Володя щелкнул латунным замком: чемоданчик развалился на две одинаковые части. Достал из шифоньера и аккуратно уложил в одну половину несколько хорошо отглаженных рубах, в другую, под специальные ремешки, пристроил полотенце и электробритву. Пошел на кухню за умывальными принадлежностями, и на пороге столкнулся с осуждающим взглядом жены.

— Зачем рубашек столько набрал?

— Я ж говорю: может, придется по инстанциям…

— В городе «инстанций» хватает, — ревниво обронила Зина — Им бы побольше денег и послаще вина…

— Ну и даешь ты! — расхохотался Сидельников. — У меня и в мыслях нет…

— У всех нет, а потом оказывается…

— Перестань! — притворно возмутился Володя. Он снял с вешалки новый полушубок, по-хозяйски оглядел его, отряхнул выпавшие шерстинки. — Генке на вечерние сеансы не разрешай. Пускай лучше телевизор смотрит. А то вон Голованова пацан начудил в клубе, теперь милиция разбирается…

— Все? Других указаний не будет?

— Будут… Смотри мне тут, — шутя пригрозил Володя и обнял жену.

— Смотри мне там… — вдруг обмякла Зина. Прижалась к мужу, поправила на нем неумело повязанный галстук. — Когда вернешься?

— Если дело сладится, дня через два-три буду дома. Большой интерес валяться на гостиничных койках. Работать надо. План выполнять…

— И я про то же. — В голосе Зины прозвучало примирение. И Володе сразу стало легко.

— Давай присядем, — сказал он. — На дорожку. Как положено.

Посидели на кухонных табуреточках. Посмотрели друг другу в глаза. Хорошо посмотрели. Открыто. Володя еще раз притиснул к себе жену, чмокнул ее в темя, которым она как раз доставала до его губ, подхватил с пола модный чемоданчик, шагнул за порог. Он знал, что Зина наблюдает за ним в окно и, не поворачиваясь, помахал ей рукою.

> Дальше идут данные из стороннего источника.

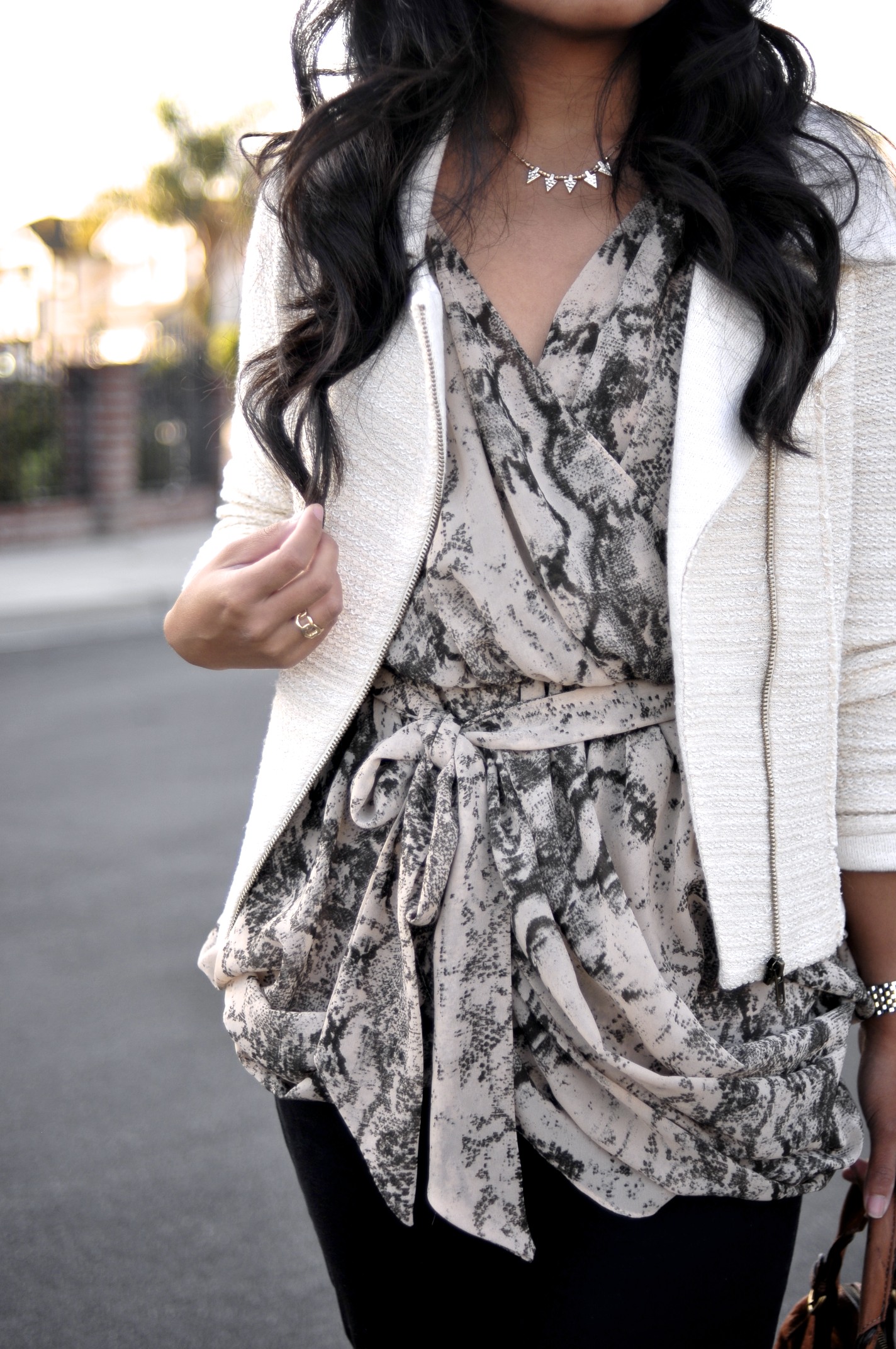 This particular dress had a slim fitting thin layer underneath with the patterned chiffon layered over and so it was easy to fold the bottom under. When choosing a dress to wear as a top, make sure that the bottom half of the dress is more snug (sort of like a body con dress) so that if you fold it, it can just sit on top of your hips. It’s just an option.

Володя Сидельников шел вдоль кривых поселковых заборов по узкой тропке, вытоптанной за долгую зиму поверх деревянных тротуаров и пешеходных мостков на сваях. Теперь тротуары никак не угадывались. И не так-то скоро угадаются. До весны еще далеко, хотя январское солнце уже заявляло о себе, слепило и радовало отдаленной надеждой.

Мороз держал в меру, весело скрипел под легкими ботинками, слишком легкими, казалось, после неуклюжих рабочих валенок, какие всю зиму верно служат лесорубу. И кримпленовые брюки не ощущались на теле, будто не было их вовсе, потому морозец вкруговую охватывал ноги. Но в общем и целом было тепло. Спасал полушубок.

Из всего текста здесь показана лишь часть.